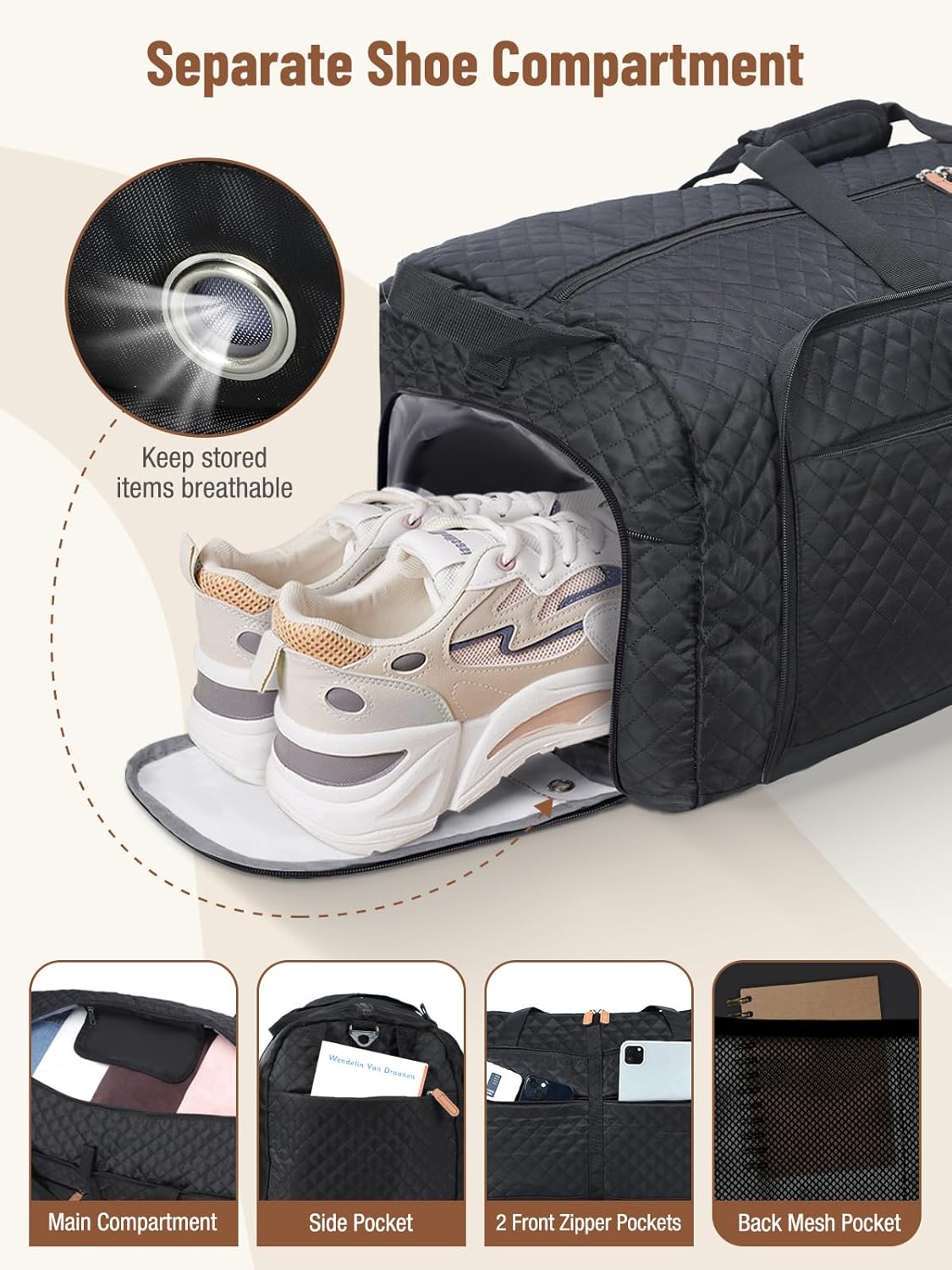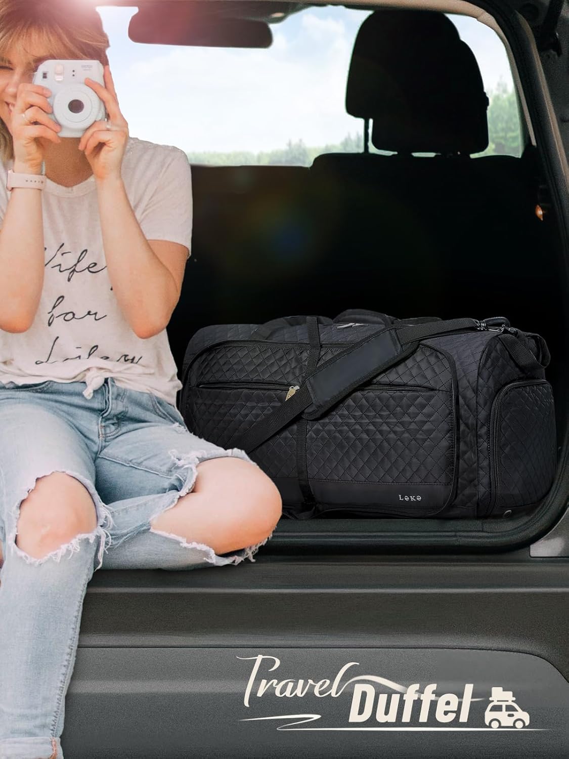 Lekesky Foldable Travel Duffel Bag for Women, 80L Large Duffle Bag with Separate Shoes Compartments & Straps, Carry On Weekend Bag for Women, Hospital, Overnight(Black Quilted)
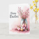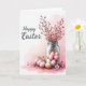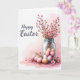 This design shows a clear glass jar holding a bouquet of slender green stems topped with many tiny pink blossoms, like a sweet spring surprise 🌷. Nestled at the base and partly inside the jar, smooth egg shapes are arranged close together, as if they’ve been gathered with care by a close friend. Their surfaces glow in pastel pink, soft gold, and creamy white, with a few gentle speckles that add texture without feeling busy. Behind the arrangement, a soft wash of pale pink fades into bright white, giving the scene an airy, tender backdrop. Light falls softly across the glass and petals, making the flowers look freshly set down and quietly admired. On the left side, the greeting text sits in a charcoal-gray cursive style, balanced and easy to read against the light background 🐰. A few loose petals and tiny blossoms are scattered around the bottom edge, with the jar’s rounded rim catching a small highlight.
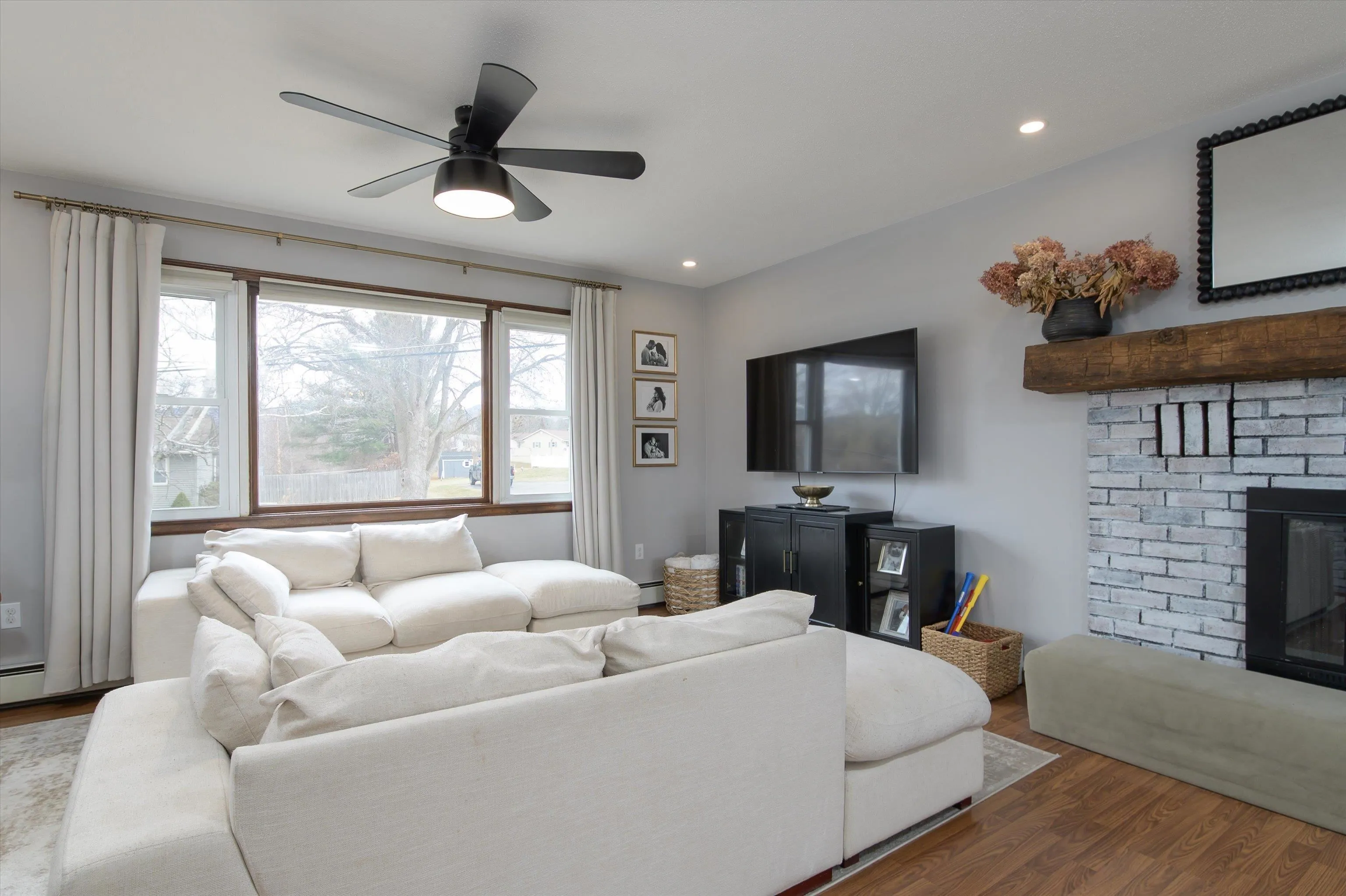 +"PublicRemarks": "Personality and character welcome you the moment you enter this sweet well-maintained Cape! The bright living room features a picture window, wall sconces, a gas fireplace and attractive built in bookshelves. A cozy den, also with built ins, offers an ideal space to relax, read a book or watch your favorite program. The eat in kitchen provides multiple storage cabinets, updated countertops, and engineered flooring. One bedroom and a full bath are on the 1st floor, while the 2nd floor offers two generous sized bedrooms and a half bath. Nostalgic glass doorknobs and natural wood paneling add to this home’s warm feeling. Hardwood flooring flows through the living room, den and 1st floor bedroom. The full basement provides abundant storage space and laundry facilities with washer and dryer. A large deck overlooks a backyard with lovely perennials just waiting to pop for spring! A convenient garden/tool shed is tucked within the fenced yard. Numerous improvements include a gas fireplace 2015, kitchen renovation 2016, 1st floor bathroom renovation 2017, new living room picture window and front door 2024, front roof re-shingled 2025, new carpeting 2025, new dehumidifier 2025. Drainage system w/new sump pump installed by Northern Basement Systems in back corner of basement 2025. New gutters within past 6 years. Close by are the bus line and I-89 for easy commuting. Richards Park and Gilbrook Nature Area nearby; Winooski’s River Walk, farmers’ market, shops & restaurants minutes away. Some rooms irregular. All dimensions approx."
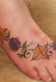 脚背彩色宽脚链秋天花朵纹身图片
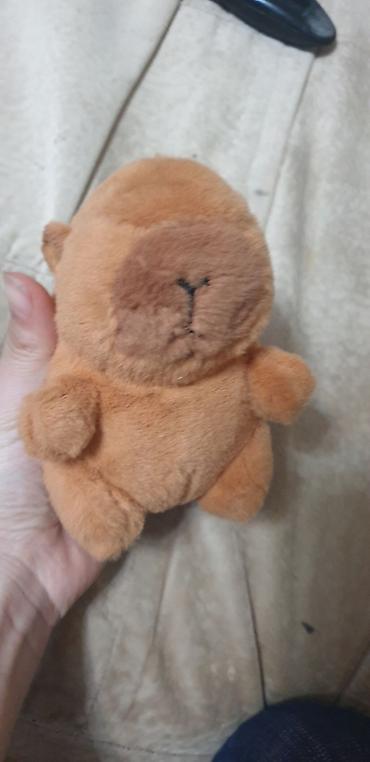 - Плюшевый медвежонок/зверёк карамельного цвета, минималистичное личико, пухлые лапки. Плотная набивка, устойчиво сидит.
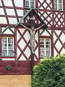 Jedná se o jednopatrovou hrázděnou budovu egerlandského stylu na obdélném půdorysu. Sedlová střecha je šindelová s vikýři, sloupová zvonička nad průčelím je završena zvonovitou bání. Na hrázděném průčelí je umístěn dřevěný kříž s Kristem, který byl původně komponovaný se sochou Panny Marie. V místnosti v přední části budovy u uličního průčelí bývala místnost zařízená jako muzeum v podobě selské jizby v egerlandském duchu s ukázkami lidového umění a výroby z oblasti západočeského lázeňského trojúhelníku.[2][5]
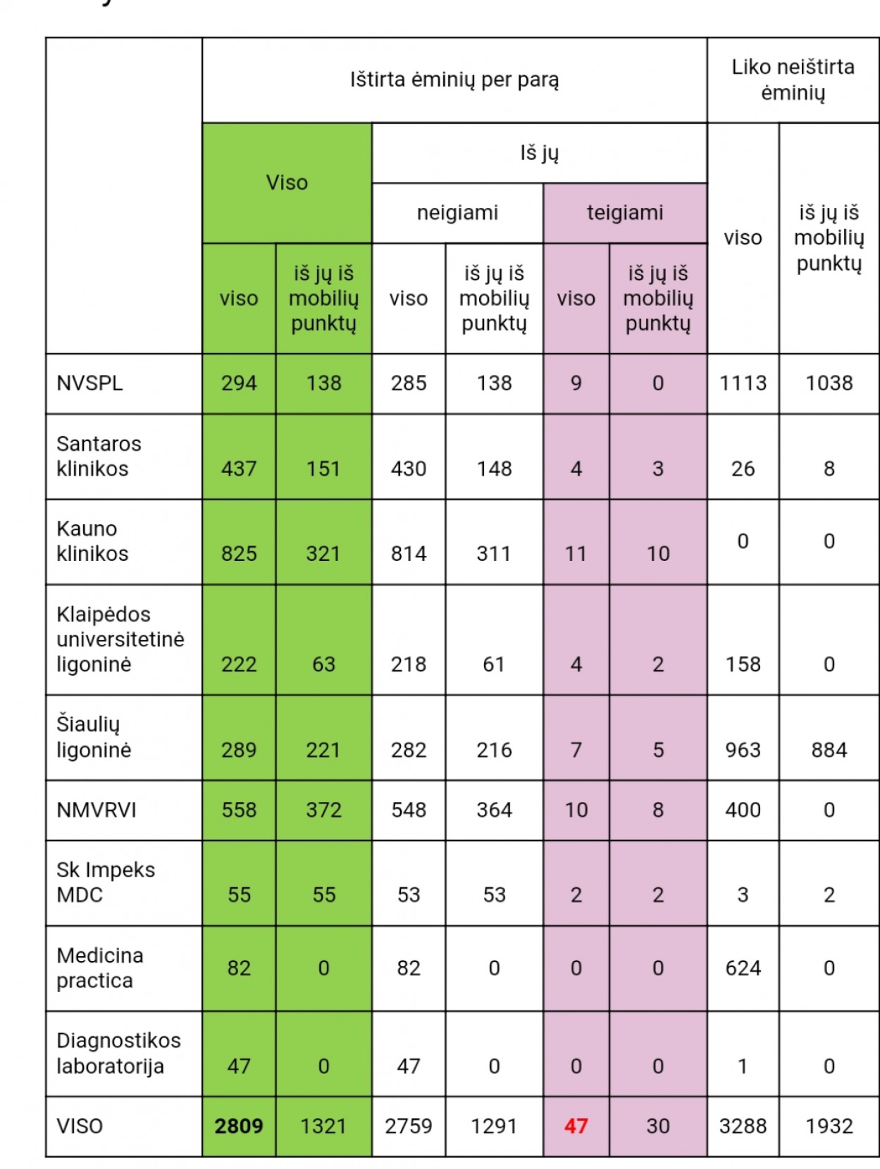 Šie duomenys surinkti iš visų laboratorijų, kuriuose šie tyrimai atliekami.
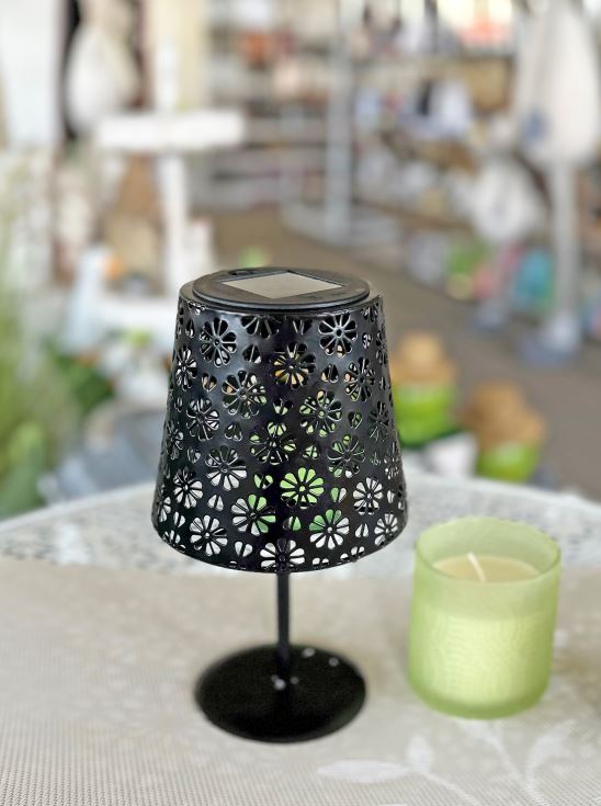 LED Solar Tischleuchte aus Metall in Schwarz D13cm x H25cm

### Exercise
Everything in the listing, except its images, should be set down exactly.

### Finished exercise
 Lekesky Foldable Travel Duffel Bag for Women, 80L Large Duffle Bag with Separate Shoes Compartments & Straps, Carry On Weekend Bag for Women, Hospital, Overnight(Black Quilted)
 This design shows a clear glass jar holding a bouquet of slender green stems topped with many tiny pink blossoms, like a sweet spring surprise 🌷. Nestled at the base and partly inside the jar, smooth egg shapes are arranged close together, as if they’ve been gathered with care by a close friend. Their surfaces glow in pastel pink, soft gold, and creamy white, with a few gentle speckles that add texture without feeling busy. Behind the arrangement, a soft wash of pale pink fades into bright white, giving the scene an airy, tender backdrop. Light falls softly across the glass and petals, making the flowers look freshly set down and quietly admired. On the left side, the greeting text sits in a charcoal-gray cursive style, balanced and easy to read against the light background 🐰. A few loose petals and tiny blossoms are scattered around the bottom edge, with the jar’s rounded rim catching a small highlight.
 +"PublicRemarks": "Personality and character welcome you the moment you enter this sweet well-maintained Cape! The bright living room features a picture window, wall sconces, a gas fireplace and attractive built in bookshelves. A cozy den, also with built ins, offers an ideal space to relax, read a book or watch your favorite program. The eat in kitchen provides multiple storage cabinets, updated countertops, and engineered flooring. One bedroom and a full bath are on the 1st floor, while the 2nd floor offers two generous sized bedrooms and a half bath. Nostalgic glass doorknobs and natural wood paneling add to this home’s warm feeling. Hardwood flooring flows through the living room, den and 1st floor bedroom. The full basement provides abundant storage space and laundry facilities with washer and dryer. A large deck overlooks a backyard with lovely perennials just waiting to pop for spring! A convenient garden/tool shed is tucked within the fenced yard. Numerous improvements include a gas fireplace 2015, kitchen renovation 2016, 1st floor bathroom renovation 2017, new living room picture window and front door 2024, front roof re-shingled 2025, new carpeting 2025, new dehumidifier 2025. Drainage system w/new sump pump installed by Northern Basement Systems in back corner of basement 2025. New gutters within past 6 years. Close by are the bus line and I-89 for easy commuting. Richards Park and Gilbrook Nature Area nearby; Winooski’s River Walk, farmers’ market, shops & restaurants minutes away. Some rooms irregular. All dimensions approx."
 脚背彩色宽脚链秋天花朵纹身图片
 - Плюшевый медвежонок/зверёк карамельного цвета, минималистичное личико, пухлые лапки. Плотная набивка, устойчиво сидит.
 Jedná se o jednopatrovou hrázděnou budovu egerlandského stylu na obdélném půdorysu. Sedlová střecha je šindelová s vikýři, sloupová zvonička nad průčelím je završena zvonovitou bání. Na hrázděném průčelí je umístěn dřevěný kříž s Kristem, který byl původně komponovaný se sochou Panny Marie. V místnosti v přední části budovy u uličního průčelí bývala místnost zařízená jako muzeum v podobě selské jizby v egerlandském duchu s ukázkami lidového umění a výroby z oblasti západočeského lázeňského trojúhelníku.[2][5]
 Šie duomenys surinkti iš visų laboratorijų, kuriuose šie tyrimai atliekami.
 LED Solar Tischleuchte aus Metall in Schwarz D13cm x H25cm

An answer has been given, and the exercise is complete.